Tests run with pytest and mongomock (no real MongoDB required):

```bash
cd backend
python -m venv .venv_test
source .venv_test/bin/activate
pip install -r requirements.txt
pytest tests/ -q
```

When adding new features or bug fixes, add or update tests in `backend/tests/`. The test suite covers:
- Event normalization and deduplication
- Auth middleware and token validation
- API endpoints (`/api/events`, `/api/fetch-audit-logs`, `/api/ask`)
- NLQ time range extraction, entity extraction, query building
- Rate limiting behavior

## Security Considerations

- **Secrets**: `CLIENT_SECRET`, `LLM_API_KEY`, and other credentials come from `.env` or Azure Key Vault. Never commit `.env`.
- **Auth validation**: When `AUTH_ENABLED=true`, the backend fetches JWKS from `https://login.microsoftonline.com/{AUTH_TENANT_ID}/v2.0/.well-known/openid-configuration`, caches keys for 1 hour, and validates tenant/issuer/audience claims. Tokens are decoded with RS256 signature verification.
- **Role/Group gating**: Access is allowed if the token's `roles` intersect `AUTH_ALLOWED_ROLES` or `groups` intersect `AUTH_ALLOWED_GROUPS`. If neither list is configured, all authenticated users are allowed — a startup warning is logged in this case.
- **CORS**: When `AUTH_ENABLED=true` and `CORS_ORIGINS="*"`, `allow_credentials` is forced to `false` to prevent cross-origin token leakage.
- **Rate limiting**: Redis-backed fixed-window rate limiting with per-category limits (fetch=10/hr, ask=30/min, write=20/min, default=120/min). Fails closed (returns 429) when Redis is unavailable.
- **Pagination limits**: `page_size` is clamped to a maximum of 500 to prevent large queries.
- **Fetch window cap**: `hours` is clamped to 720 (30 days) to avoid runaway API calls.
- **LLM SSRF guard**: `LLM_BASE_URL` must be HTTPS and cannot point to private IPs. Optional `LLM_ALLOWED_DOMAINS` restricts to specific domains.
- **SIEM SSRF guard**: `SIEM_WEBHOOK_URL` has the same validation as LLM URLs, plus optional `SIEM_ALLOWED_DOMAINS`.
- **Metrics IP gating**: `/metrics` is restricted to private/loopback IPs by default via `METRICS_ALLOWED_IPS`.
- **OpenAPI docs**: Disabled by default (`DOCS_ENABLED=false`). Enable only in development.
- **CSP**: Content-Security-Policy headers are set on all responses. `unsafe-eval` is required for Alpine.js v3 expression evaluation.
- **SRI**: CDN scripts (Alpine.js, MSAL.js) include Subresource Integrity hashes to prevent supply chain compromise.
- **MCP server**: The MCP server bypasses auth entirely. Only run it in trusted environments or behind a VPN.

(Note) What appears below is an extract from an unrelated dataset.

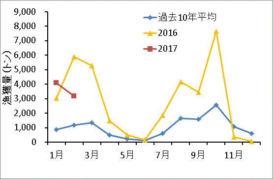 | 近年の月別漁獲量 | 漁獲主体は夏秋季の0歳魚で、2015年以降は冬春季の産卵群もまとまって漁獲されるようになっている。2017年1〜3月は前年並の好漁で、漁獲主体は14cm前後の1歳魚と、19.5p前後の2歳および3歳魚であった。 |

### Security Documentation

- `PEN_TEST_REPORT_v1.7.11.md` — Internal soft penetration test findings and remediation
- `THREAT_MODEL_v1.7.13.md` — Comprehensive threat model covering Entra/token abuse vectors

## Maintenance and Operations

The `backend/maintenance.py` script provides two CLI commands useful for backfilling or correcting stored data:

```bash
# Re-run Graph enrichment + normalization on stored events
docker compose run --rm backend python maintenance.py renormalize --limit 500

# Remove duplicate events based on dedupe_key
docker compose run --rm backend python maintenance.py dedupe
```

Both commands operate directly against the MongoDB collection configured in `config.py`.